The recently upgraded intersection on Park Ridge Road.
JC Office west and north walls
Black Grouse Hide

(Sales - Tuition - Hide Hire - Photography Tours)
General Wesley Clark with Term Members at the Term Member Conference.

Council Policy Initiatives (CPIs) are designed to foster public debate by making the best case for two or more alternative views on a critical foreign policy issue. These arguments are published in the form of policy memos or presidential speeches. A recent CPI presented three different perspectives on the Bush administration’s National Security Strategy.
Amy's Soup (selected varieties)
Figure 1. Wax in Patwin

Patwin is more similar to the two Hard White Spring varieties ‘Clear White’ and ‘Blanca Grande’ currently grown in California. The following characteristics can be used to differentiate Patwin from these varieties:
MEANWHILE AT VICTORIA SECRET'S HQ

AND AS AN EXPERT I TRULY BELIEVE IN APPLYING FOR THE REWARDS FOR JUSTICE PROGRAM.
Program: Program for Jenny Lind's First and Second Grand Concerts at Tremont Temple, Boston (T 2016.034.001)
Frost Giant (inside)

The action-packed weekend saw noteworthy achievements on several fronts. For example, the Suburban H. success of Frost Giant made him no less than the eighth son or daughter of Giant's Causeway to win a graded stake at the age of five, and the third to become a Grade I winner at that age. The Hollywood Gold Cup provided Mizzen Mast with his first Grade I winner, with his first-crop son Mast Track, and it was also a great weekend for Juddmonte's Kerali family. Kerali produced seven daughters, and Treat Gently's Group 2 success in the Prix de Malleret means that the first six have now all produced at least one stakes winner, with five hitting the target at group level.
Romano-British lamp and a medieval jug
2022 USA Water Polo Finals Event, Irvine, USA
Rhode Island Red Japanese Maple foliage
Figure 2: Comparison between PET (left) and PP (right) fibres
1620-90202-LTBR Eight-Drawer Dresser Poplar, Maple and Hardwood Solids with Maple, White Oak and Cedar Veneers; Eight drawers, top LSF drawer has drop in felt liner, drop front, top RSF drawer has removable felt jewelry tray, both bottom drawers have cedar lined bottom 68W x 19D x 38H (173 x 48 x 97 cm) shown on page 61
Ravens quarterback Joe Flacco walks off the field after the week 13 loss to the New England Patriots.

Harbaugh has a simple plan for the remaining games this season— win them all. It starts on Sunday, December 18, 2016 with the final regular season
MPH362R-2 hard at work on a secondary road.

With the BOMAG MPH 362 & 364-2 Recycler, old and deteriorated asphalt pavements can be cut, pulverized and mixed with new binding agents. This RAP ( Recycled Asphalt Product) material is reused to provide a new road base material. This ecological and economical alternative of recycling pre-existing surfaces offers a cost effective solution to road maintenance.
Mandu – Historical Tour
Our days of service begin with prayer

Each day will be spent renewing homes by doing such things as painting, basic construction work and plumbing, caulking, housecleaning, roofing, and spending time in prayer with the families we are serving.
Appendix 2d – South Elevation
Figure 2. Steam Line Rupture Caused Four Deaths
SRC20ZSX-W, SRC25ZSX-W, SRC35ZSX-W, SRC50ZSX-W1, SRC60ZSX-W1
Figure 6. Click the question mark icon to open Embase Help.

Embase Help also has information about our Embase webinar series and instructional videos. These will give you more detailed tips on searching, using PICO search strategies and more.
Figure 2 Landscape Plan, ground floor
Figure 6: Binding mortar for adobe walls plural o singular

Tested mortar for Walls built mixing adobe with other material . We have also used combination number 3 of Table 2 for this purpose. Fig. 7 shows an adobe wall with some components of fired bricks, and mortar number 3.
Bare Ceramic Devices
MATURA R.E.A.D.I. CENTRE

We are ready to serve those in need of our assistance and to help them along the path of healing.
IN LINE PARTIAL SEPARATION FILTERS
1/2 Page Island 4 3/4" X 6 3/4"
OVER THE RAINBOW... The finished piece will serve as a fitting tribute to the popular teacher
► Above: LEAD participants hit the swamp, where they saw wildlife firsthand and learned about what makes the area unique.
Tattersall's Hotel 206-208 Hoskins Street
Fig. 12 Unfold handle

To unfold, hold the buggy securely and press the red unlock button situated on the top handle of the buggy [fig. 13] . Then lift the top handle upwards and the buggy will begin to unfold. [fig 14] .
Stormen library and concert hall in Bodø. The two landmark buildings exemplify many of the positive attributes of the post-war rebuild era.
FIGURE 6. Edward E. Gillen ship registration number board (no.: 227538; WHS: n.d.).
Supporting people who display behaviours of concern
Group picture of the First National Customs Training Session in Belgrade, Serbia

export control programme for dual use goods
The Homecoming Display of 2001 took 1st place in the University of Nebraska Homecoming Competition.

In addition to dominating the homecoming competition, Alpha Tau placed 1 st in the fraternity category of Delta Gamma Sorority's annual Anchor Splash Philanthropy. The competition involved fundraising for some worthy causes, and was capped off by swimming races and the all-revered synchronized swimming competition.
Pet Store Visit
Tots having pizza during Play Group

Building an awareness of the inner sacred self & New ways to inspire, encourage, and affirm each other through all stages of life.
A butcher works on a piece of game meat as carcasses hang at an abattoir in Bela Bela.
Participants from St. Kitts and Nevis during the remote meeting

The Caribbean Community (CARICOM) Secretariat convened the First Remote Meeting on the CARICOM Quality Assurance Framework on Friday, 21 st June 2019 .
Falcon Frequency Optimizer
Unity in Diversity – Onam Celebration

——

- Task instructions: Your reply is to repeat, unchanged, the lines above running from the one with "Council Policy Initiatives" up to and including the one with "Figure 2: Comparison".

- Result below:
Council Policy Initiatives (CPIs) are designed to foster public debate by making the best case for two or more alternative views on a critical foreign policy issue. These arguments are published in the form of policy memos or presidential speeches. A recent CPI presented three different perspectives on the Bush administration’s National Security Strategy.
Amy's Soup (selected varieties)
Figure 1. Wax in Patwin

Patwin is more similar to the two Hard White Spring varieties ‘Clear White’ and ‘Blanca Grande’ currently grown in California. The following characteristics can be used to differentiate Patwin from these varieties:
MEANWHILE AT VICTORIA SECRET'S HQ

AND AS AN EXPERT I TRULY BELIEVE IN APPLYING FOR THE REWARDS FOR JUSTICE PROGRAM.
Program: Program for Jenny Lind's First and Second Grand Concerts at Tremont Temple, Boston (T 2016.034.001)
Frost Giant (inside)

The action-packed weekend saw noteworthy achievements on several fronts. For example, the Suburban H. success of Frost Giant made him no less than the eighth son or daughter of Giant's Causeway to win a graded stake at the age of five, and the third to become a Grade I winner at that age. The Hollywood Gold Cup provided Mizzen Mast with his first Grade I winner, with his first-crop son Mast Track, and it was also a great weekend for Juddmonte's Kerali family. Kerali produced seven daughters, and Treat Gently's Group 2 success in the Prix de Malleret means that the first six have now all produced at least one stakes winner, with five hitting the target at group level.
Romano-British lamp and a medieval jug
2022 USA Water Polo Finals Event, Irvine, USA
Rhode Island Red Japanese Maple foliage
Figure 2: Comparison between PET (left) and PP (right) fibres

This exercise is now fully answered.